Now where does spirituality fit in, I hear you ask? Well, I contend that it’s right there, you just need to know where to look. It’s there in Mind when we think about God, when we immerse ourselves in private prayer, when we wonder about the meaning of life, when we are feeling most desolate and alone, when we decide that we need to live differently, to live more fully, to building a better world. It’s there in Creation when we become aware of the beauty of all that surrounds us, when we stand in awe of the micro-organisms that help us to live and the incredible vastness of the universe that surrounds us, when we are thankful for the health of our body and for when we curse it’s limitations. We can begin to understand the social dimension as having deeply spiritual moments, each time we respond compassionately to a person in need, when we fall in love and refuse to rationalise those moments as merely the consequence of bodily chemicals, when we are moved to create a more just world because we don’t want anything to happen to others that we wouldn’t want for ourselves.
Of course, not all of life feels like a particularly spiritual moment. Some parts of life we experience as extraordinarily mundane – though even this can be subjective. For one person, there is nothing more dull than doing the dishes, while for another this is the supreme moment of relaxation. This is what it means for Salvationists to be ‘pan-sacramental’. It means that all of life is potentially sacramental in character. If God is really omnipresent, then all moments, all places, are capable of revealing something sacred. However, I’d be the first to admit that this doesn’t seem to be an even scale – some things seem to be more ready to open up those thin places that others.

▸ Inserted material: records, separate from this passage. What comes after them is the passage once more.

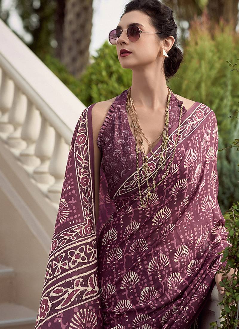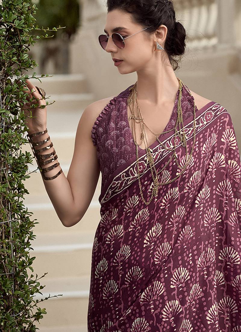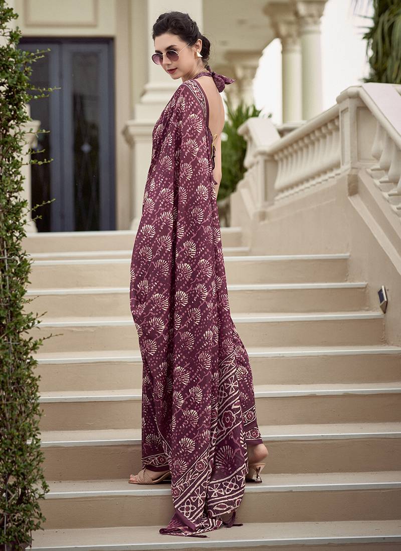 Wine pure mal mal silk saree
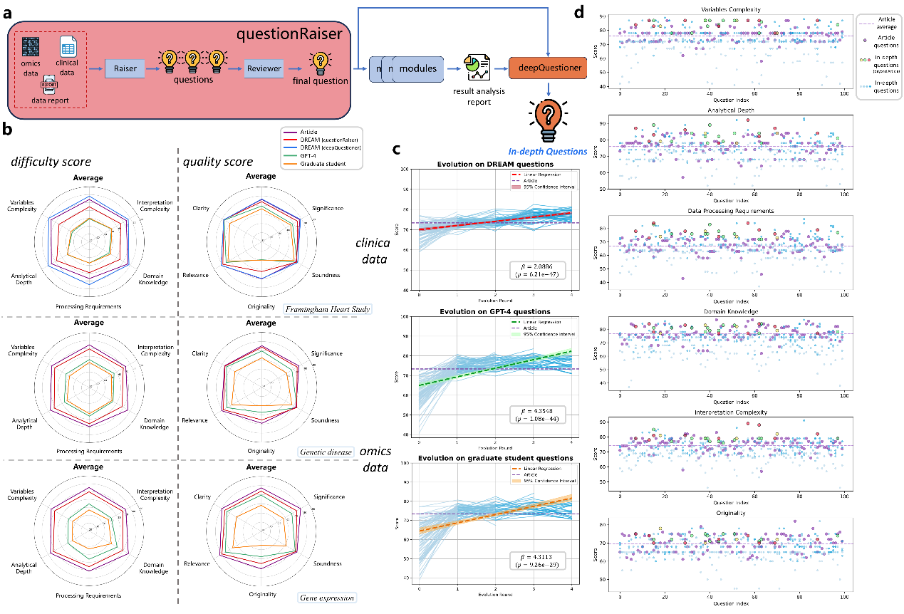 近日,由bat365正版唯一官网生物信息与生物统计学系和转化医学研究院数字医学技术中心联合完成的一项研究成果成功发表于 Advanced Science。三位共同一作为bat365正版唯一官网致远博士生邓罗佳,博士生吴艺杰,以及转化医学研究院实验师任永永博士,bat365正版唯一官网特聘教授吕晖为通讯作者。团队提出并构建了一个真正“能自己做科研”的智能系统——DREAM(Data-dRiven self-Evolving Autonomous systeM)。自此,AI不只是工具,更是探索未知世界的合作者,在科学的边界上描绘属于下一代科研文明的梦想。
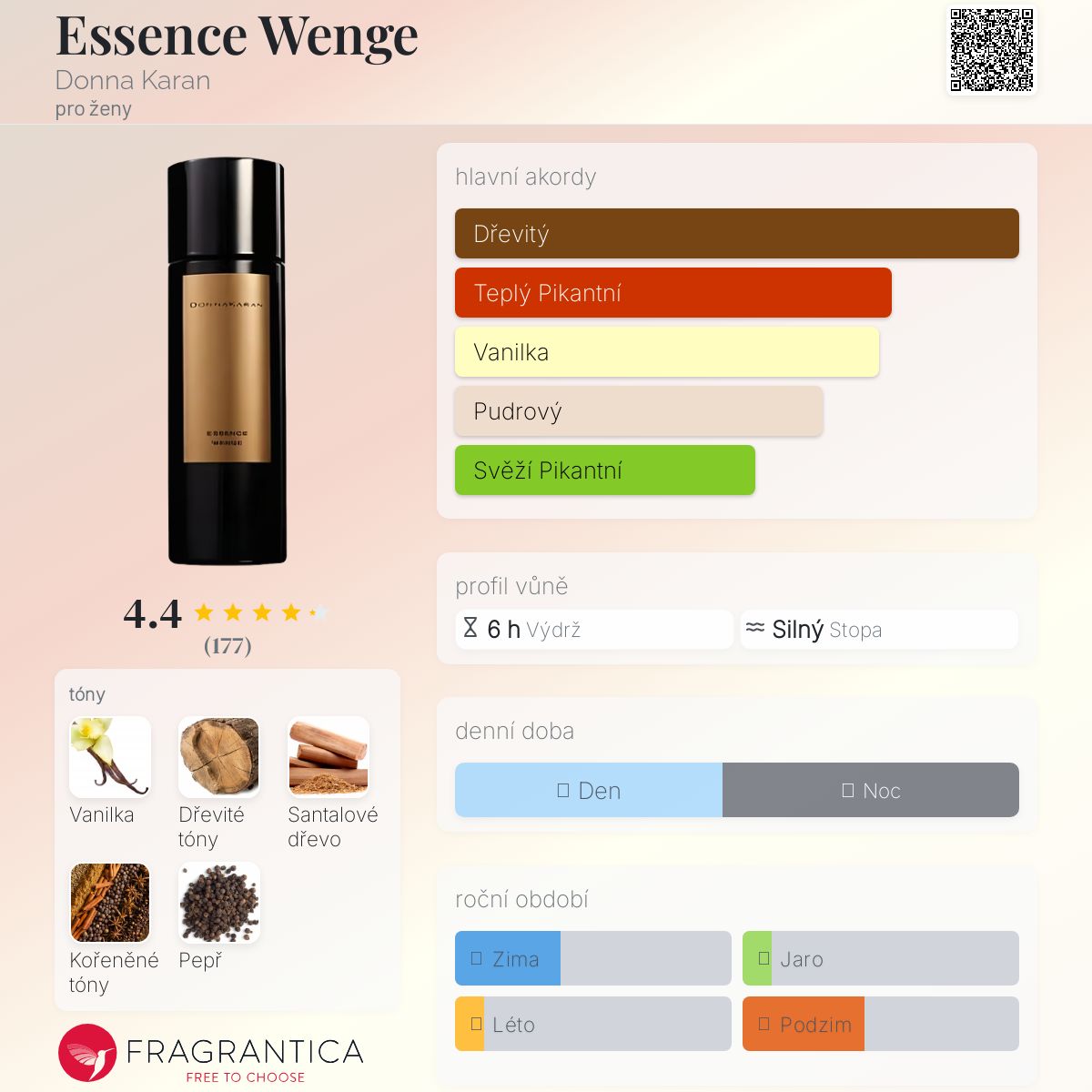 Essence Wenge podle Donna Karan je Woody vůně pro ženy. Essence Wenge byl/a uveden/a v roce 2008. "Nosem" za touto vůní je Rodrigo Flores-Roux. Vrchní tón je Temné dřevité tóny ; střední tóny jsouVanilka, Santalové dřevo a Černý pepř ; základní tón je Kořeněné tóny.
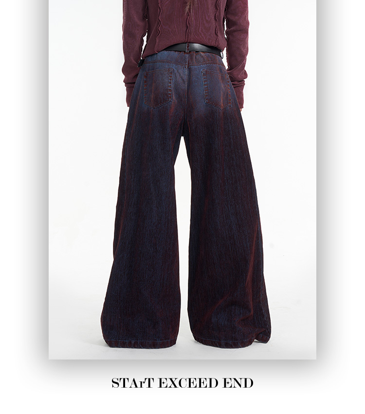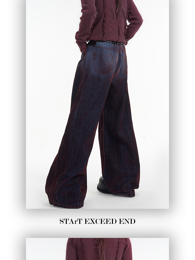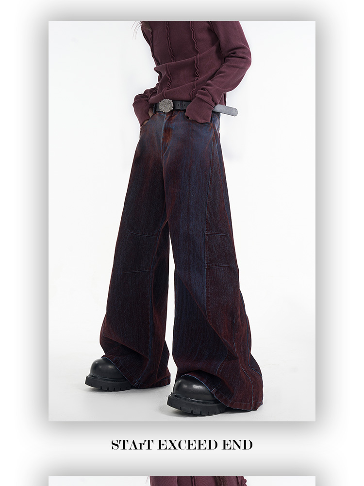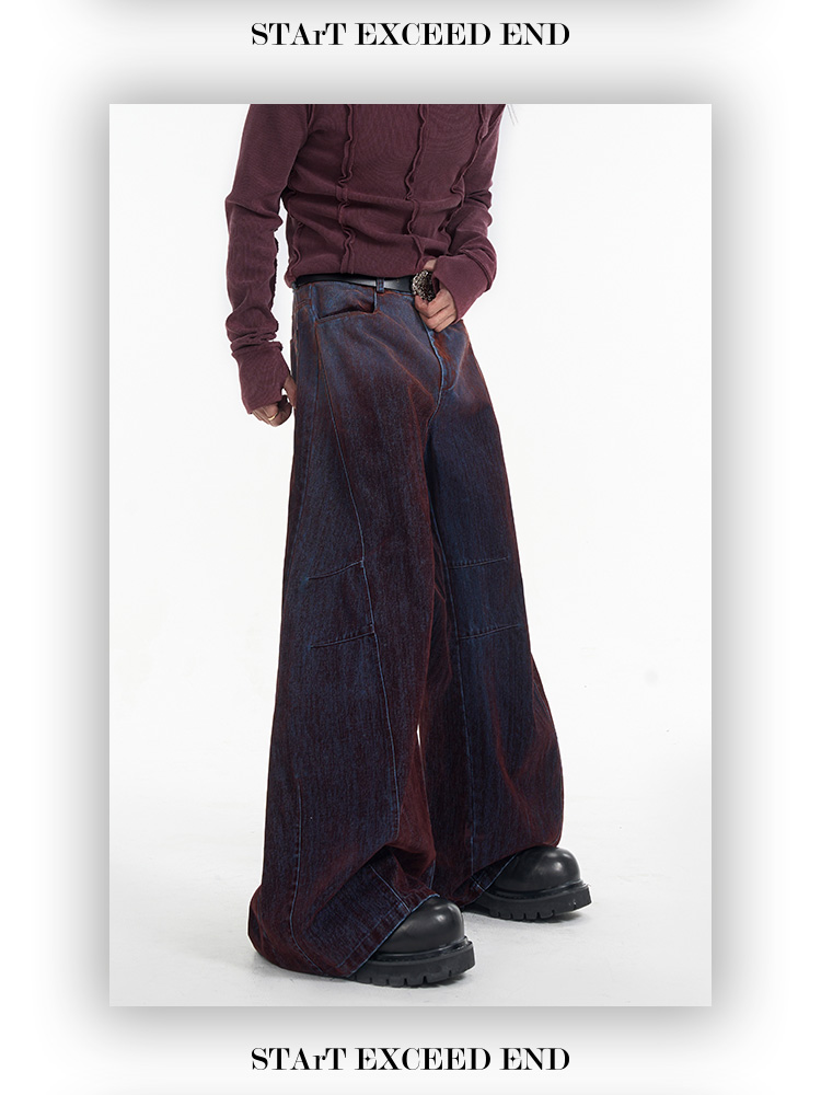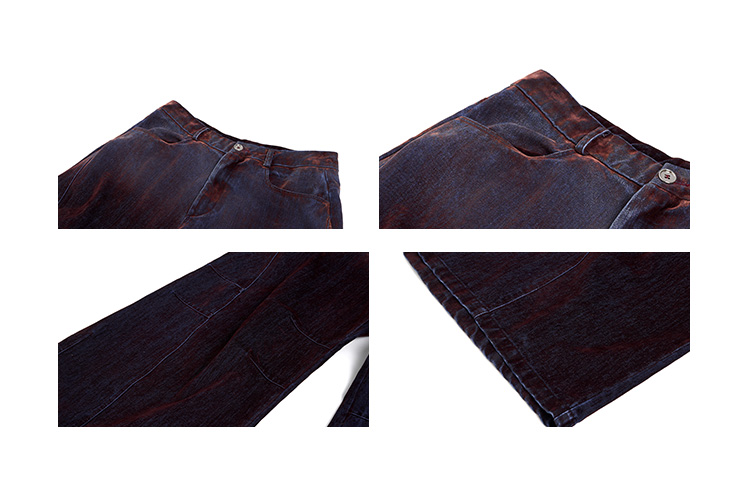 Velvet-Trimmed Brushed Patchwork Wide-Leg Denim Jeans WN12115
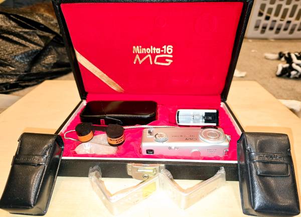 Outstanding / Pristine / LIKE NEW Minolta - 16 MG / 16mm Miniature Spy Camera Kit. 1960'S 16mm Sub-Miniature / Spy Cam Just Like James Bond 007. Perfect Looking & Working Original Condition....
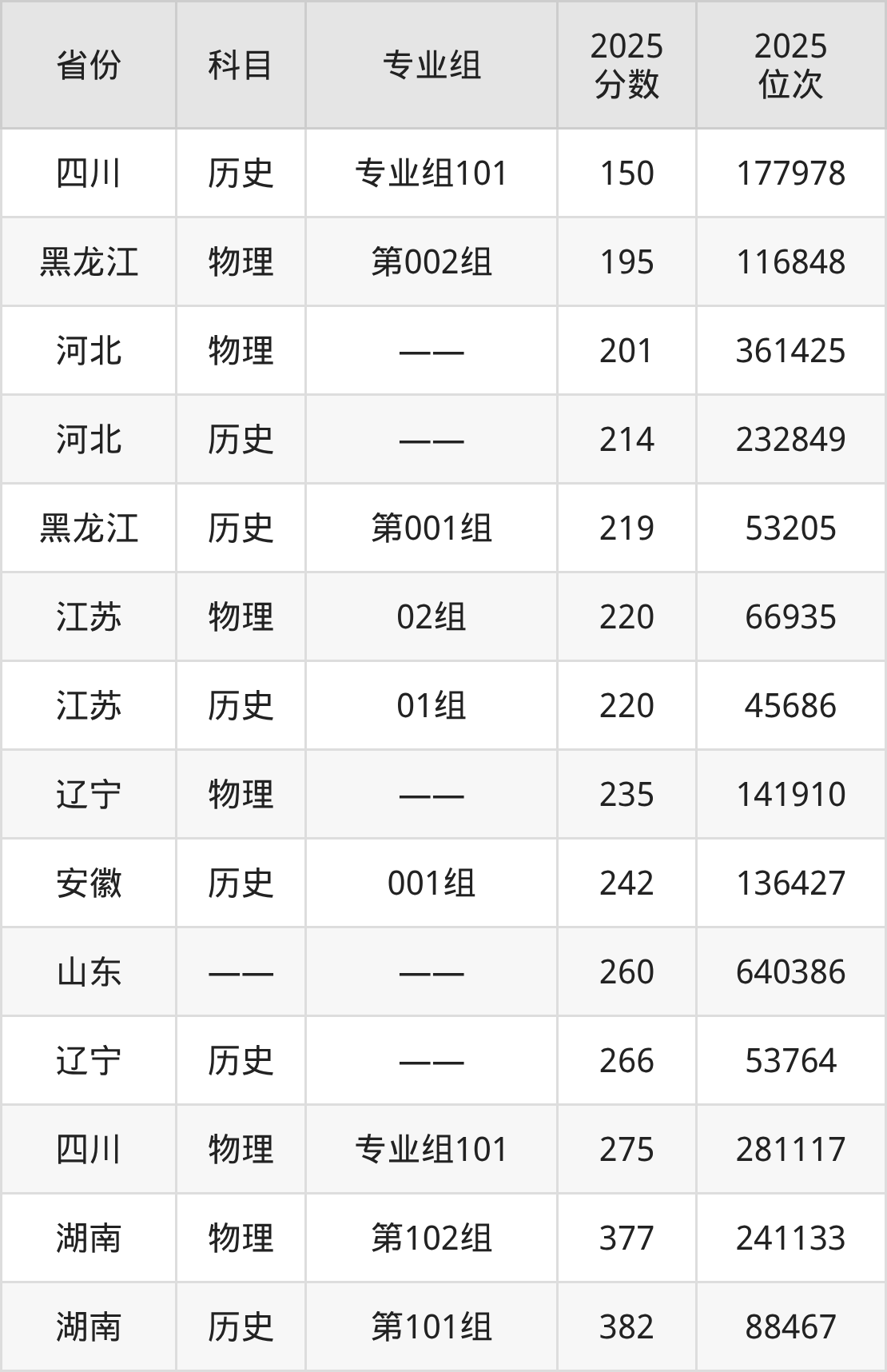 历史类:2025年唐山海运职业学院录取最低分是150分(四川),对应的位次排名是177978名。

So if you believe that God is compassionate, then a life full of compassion will be more likely to reveal God. If you believe that God is concerned about justice, equity and everyone getting a fair go, then invest yourself in these things. If you believe that God is love, then show love without reserve. Most of all, don’t be bound by dualisms that set us apart from other people, whatever they are. For if nothing else, God is a God of surprises and loves more faithfully, more indiscriminately and more fully than we can ever imagine.